用–column 参数设置要导入的table staff表中的列; 注意:如果要导入多列,列与列之间需要用逗号,分隔,且不要加空格,否则会报错,无法解析

条件导入(类似于②中的查询导入)
bin/sqoop import \
--connect jdbc:mysql://hadoop102:3306/sqoop_test \
--username root \
--password 061111 \
--target-dir /user/sqoop \
--delete-target-dir \
--num-mappers 1 \
--fields-terminated-by "\t" \
--table staff \
--where "id>6"

直接用–where参数 筛选数据

从RDBMS(mysql)中导入数据到Hive

普通导入

bin/sqoop import \
--connect jdbc:mysql://hadoop102:3306/sqoop_test \
--username root \
--password 061111 \
--table staff \
--m 1 --hive-import \
--fields-terminated-by "\t" \
--hive-overwrite \
--hive-database dbname \
--hive-table staff_yzy

其中,–hive-import表明是向hive中导入数据, –hive-table 表明导入到hive中的哪个表(如果没有该表,则直接创建表) –hive-overwrite表明覆盖之前的表中的数据,如果不加的话,则会新建一个文件,不覆盖之前的数据,相当于追加

增量导入数据(使用参数–incremental ,分为append模式和lastmodified模式)

append模式:
bin/sqoop import \
–connect jdbc:mysql://hadoop102:3306/sqoop_test \
–username root \
–password 061111 \
–table staff \
–m 1 \
–fields-terminated-by “\t\
–target-dir /user/hive/warehouse/staff666 \
–check-column id \
–incremental append \
–last-value 3

其中,–incremental append 表示增量导入的append模式 –check-column 字段名,表示按照该字段去check –last-value 表示将该字段的值为3的后面的数据append到Hive中对应表中,不包含值为3的那一行数据。

注意:增量导入数据,不能与–hive-等参数一起使用,暂时不支持,只能指定目录(hive中的表所在的目录),不能直接指定hive中的表,否则报错:Append mode for hive imports is not yet supported.
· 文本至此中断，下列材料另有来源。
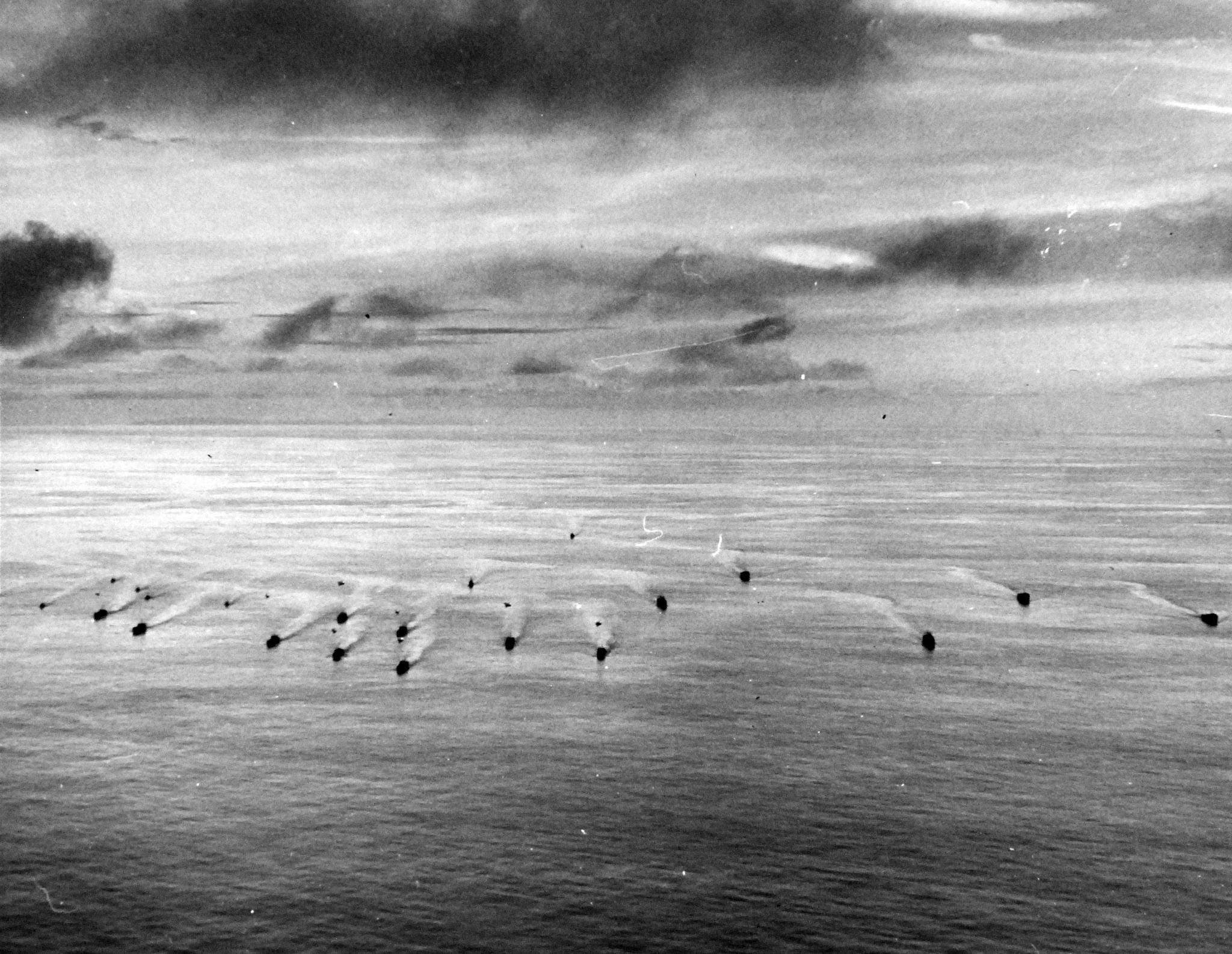 749k | Part of Task Force 77 enroute to Aitape, New Guinea, for invasion. Photographed by a plane from USS Manila Bay (CVE-61), 21 April 1944. Official US Navy photograph, now in the collections of the National Archives and Records Administration (NARA), photo No. 80-G-227952. |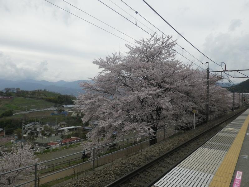 勝沼ぶどう郷駅に着くと、ホームから桜・桜・桜!!!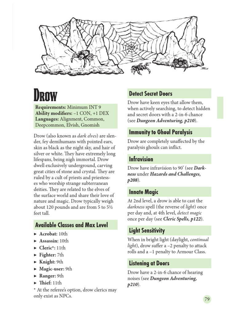 Ability modifiers: –1 CON, +1 DEX and secret doors with a 2-in-6 chance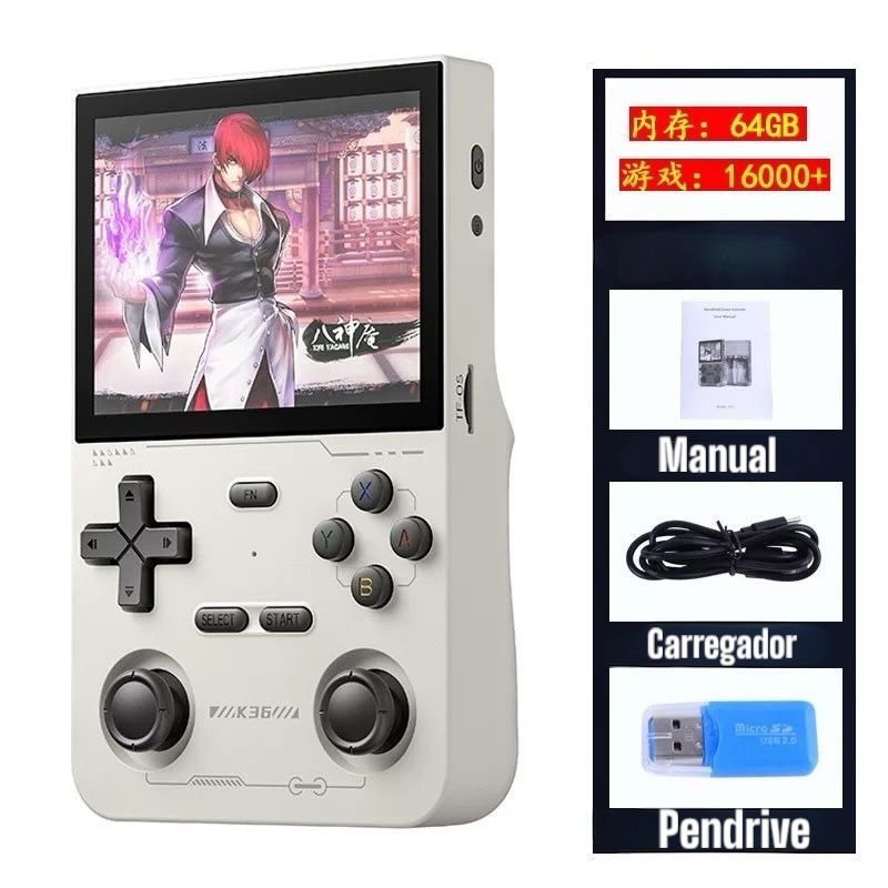 Vídeo Game Portátil R36S + de 15.000 Jogos Console 64g Linux Tela IPS 3.5 Polegadas Handheld Vídeo Game Console Portátil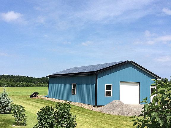 1 story, 3 BR, 2 Bath, cathedral ceilings, f/f laundry and 3 car attached garage on scenic 1.35 acres setting.Geothermal heating and cooling. Solar panels on barn.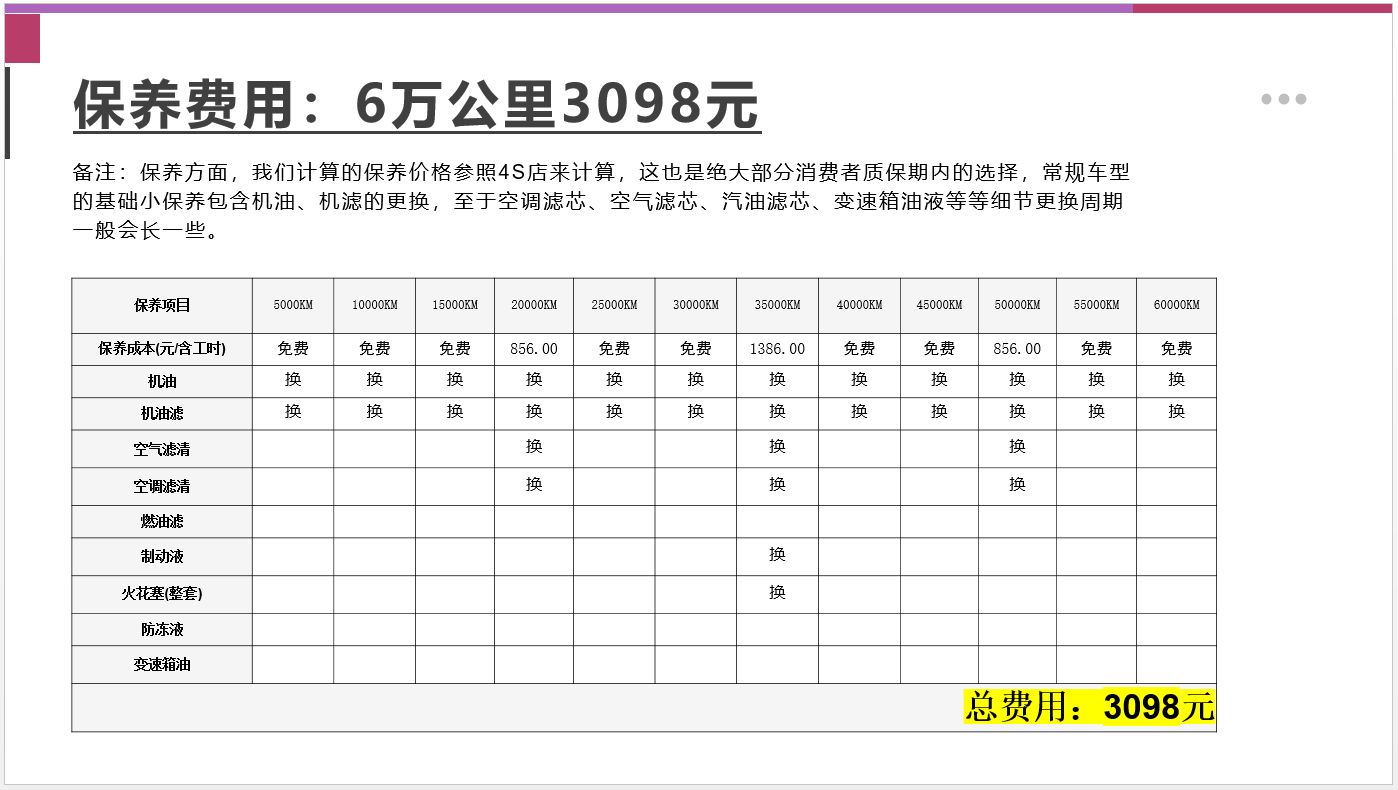 保養層面,我們按照一年2萬公里的里程計算,6萬公里來計算總的保養支出。根據官方保養政策,吉利ICON在5000km時進行首保,免費更換機油、機濾,此后的保養周期同樣為5000km,略顯頻繁。最終,我們大致算了一下,6萬公里保養費用是3098元,1年2萬公里的保養成本為1032元左右。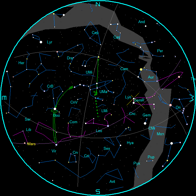 - Follow the arc of the handle of the Big Dipper to the star Arcturus, then

Please remove the parameter –append-mode

lastmodified模式

要求mysql中的表中包含一列类型为timestamp的字段,时间戳

bin/sqoop import \
–connect jdbc:mysql://hadoop102:3306/sqoop_test \
–username root \
–password 061111 \
–table staff_timestamp \
–check-column last_modified \
–incremental lastmodified \
–last-value “2017-09-28 22:20:38” \
–m 1 \
–append

导入上次最后修改时间(”2017-09-28 22:20:38”)之后的数据,包含该时间点的数据;如果想将数据导入到hive中的表,可以指定–target-dir /user/hive/warehouse/表名

注意:使用lastmodified方式导入数据要指定增量数据是要–append(追加)还是要–merge-key(合并),如果是append的话将修改时候之后的数据拼接到hive中的表里,如果是merge-key的话则根据合并的字段,去除重复的字段,只保留第一个

其它有用的参数

-hive-drop-import-delims     删除字段中的 \n, \r, and \01
Argument    Description
--append    Append data to an existing dataset in HDFS
--as-avrodatafile   Imports data to Avro Data Files
--as-sequencefile   Imports data to SequenceFiles
--as-textfile   Imports data as plain text (default)
--as-parquetfile    Imports data to Parquet Files
--boundary-query <statement>    Boundary query to use for creating splits
--columns <col,col,col…>    Columns to import from table
--delete-target-dir Delete the import target directory if it exists
--direct    Use direct connector if exists for the database
--fetch-size <n>    Number of entries to read from database at once.
--inline-lob-limit <n>  Set the maximum size for an inline LOB
-m,--num-mappers <n>    Use n map tasks to import in parallel
-e,--query <statement>  Import the results of statement.
--split-by <column-name>    Column of the table used to split work units. Cannot be used with --autoreset-to-one-mapper option.
--split-limit <n>   Upper Limit for each split size. This only applies to Integer and Date columns. For date or timestamp fields it is calculated in seconds.
--autoreset-to-one-mapper   Import should use one mapper if a table has no primary key and no split-by column is provided. Cannot be used with --split-by <col> option.
--table <table-name>    Table to read
--target-dir <dir>  HDFS destination dir
--temporary-rootdir <dir>   HDFS directory for temporary files created during import (overrides default "_sqoop")
--warehouse-dir <dir>   HDFS parent for table destination
--where <where clause>  WHERE clause to use during import
-z,--compress   Enable compression
--compression-codec <c> Use Hadoop codec (default gzip)
--null-string <null-string> The string to be written for a null value for string columns
--null-non-string <null-string> The string to be written for a null value for non-string columns


--hive-home <dir>   Override $HIVE_HOME
--hive-import   Import tables into Hive (Uses Hive’s default delimiters if none are set.)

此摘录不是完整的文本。